Berdasarkan berbagai literatur, CER & WER paling banyak digunakan untuk text recognition, dimana CER digunakan untuk menilai model dengan jumlah karakter sedikit, sedangkan WER digunakan untuk tulisan yang mengandung banyak kata2 (Panjang).
Karena model ini memprediksi jumlah karakter yang rata-rata jumlahnya kurang dari 20 karakter, maka kami akan menggunakan CER sebagai single evaluation Metrics.

**Penentuan Unreducable Bias:**
Sebelum melakukan analisis terhadap model, kami menentukan unreducable Bias terlebih dahulu. Kami melakukan pengecekan terhadap 300 gambar, dan didapat bahwa rata-rata terdapat 2-3 gambar yang unreadable. Oleh karena itu, kita menentukan unreadable bias sebanyak 1%.

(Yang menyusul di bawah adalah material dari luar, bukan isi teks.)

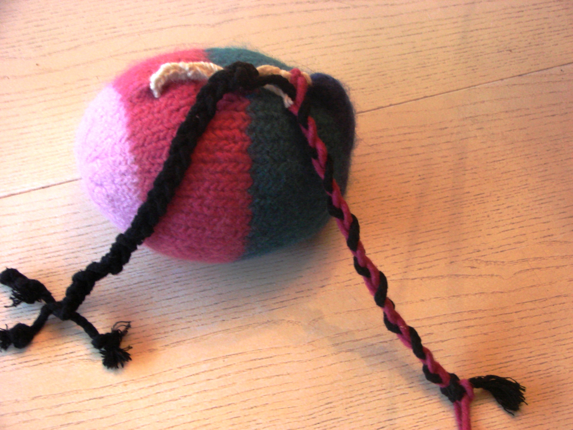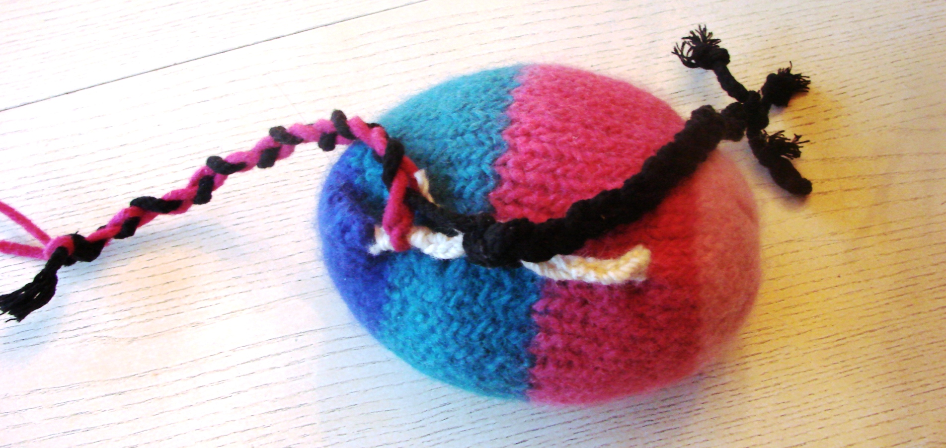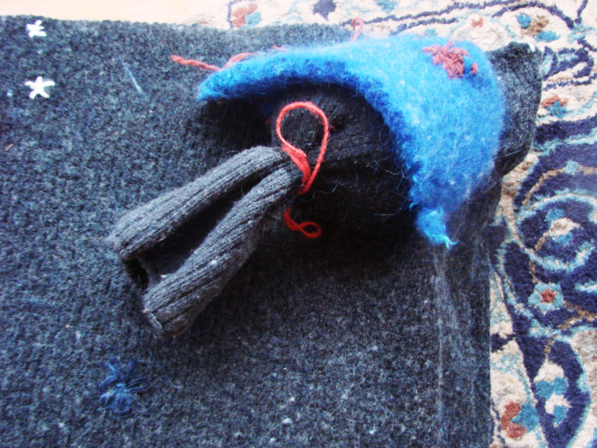 Het kussen wordt voor de nieuwe pup. Ik verviltte er een wollen rok voor en naaide die om een kussen van wasbaar materiaal. Omdat er gaten in de rok zaten (er zaten twee motten, in een oude rok) had ik die rok heet gevilt. Geen ei is bestand tegen koken, dus de wol was mottenvrij. Maar niet gatenvrij. De gaten borduurde ik dicht met wollen garen, als ze niet te groot waren. Grotere gaten of een clubje gaten kregen een opgenaaide lap. De band van de rok kwam aan het kussen, zodat de pup er lekker mee kan sjorren. Een gek vervilt stuk trui is een zak geworden, waarin een oude sok zit. Vol met wol en een rammelend busje rijst. Zo is het een lekker slaapkussen, zacht en warm van wol. Het ruikt lekker voor een hond, want een hond houdt van de geur van ongewassen schapenvacht (in de sok). Mocht ik het wat vies vinden, dan kan het geheel zo op 40 graden de wasmachien in. Zijn bedje is gespreid, nu nog afwachten of hij dit jaar geboren wordt. Of al geboren is?
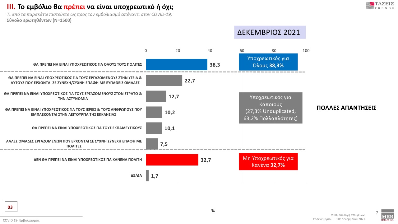 Στην ερώτηση περί υποχρεωτικότητας των εμβολίων COVID-19 το 38,3% δηλώνει ότι πρέπει να είναι υποχρεωτικός για όλους (27% Ιουν. 2021), το 22,7% να είναι υποχρεωτικός για εργαζόμενους στον τομέα υγείας και για εργαζόμενους που έρχονται σε επαφή με ευπαθείς ομάδες (20,6% Ιουν. 2021), το 12,7% στους εργαζόμενους τις ένοπλές δυνάμεις και στα σώματα ασφαλείας, το 10,2% στους ιερείς και στους ανθρώπους που εμπλέκονται με την λειτουργία της εκκλησίας και το 10,1% στους εκπαιδευτικούς. Τέλος το 32,7% (41,5% Ιουν. 2021) πιστεύει ότι οι εμβολιασμοί δεν πρέπει να είναι υποχρεωτικοί για κανένα και καμία κατηγορία πολιτών.
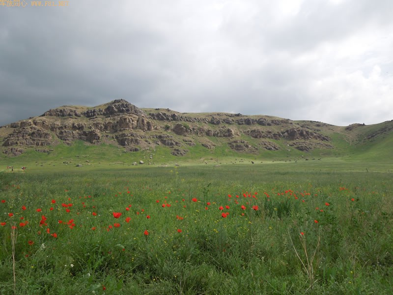 一大片盛开的天山红花闯入视野,草地比伊宁那边绿了很多,据说越靠近那拉提青草越绿。于是我把更多的期待留给了那拉提。
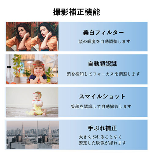 ・手ぶれ補正…大きくぶれることなく安定した映像が撮れます

**Performance Model I Analysis:**
Kami akan menggunakan teknik Orthogonalization untuk melakukan tuning pada model. Model I memiliki CER pada training sebesar 6.1% dan CER pada validation sebesar 6.8%. Selisih error pada training dan unreducable bias menandakan bahwa model masih mengalami underfitting. Oleh karena itu, kami akan fokus membenahi masalah underfitting terlebih dahulu.



# **Model II**
karena model I masih memiliki masalah underfitting, kami akan mencoba mengatasi masalah underfitting tersebut dengan menambah CNN layer menjadi 4 layer, dan dense layer menjadi 2 layer, dan menambah epoch menjadi 25

In [97]:
class CTCLayer(keras.layers.Layer):
    def __init__(self, name=None):
        super().__init__(name=name)
        self.loss_fn = keras.backend.ctc_batch_cost

    def call(self, y_true, y_pred):
        batch_len = tf.cast(tf.shape(y_true)[0], dtype="int64")
        input_length = tf.cast(tf.shape(y_pred)[1], dtype="int64")
        label_length = tf.cast(tf.shape(y_true)[1], dtype="int64")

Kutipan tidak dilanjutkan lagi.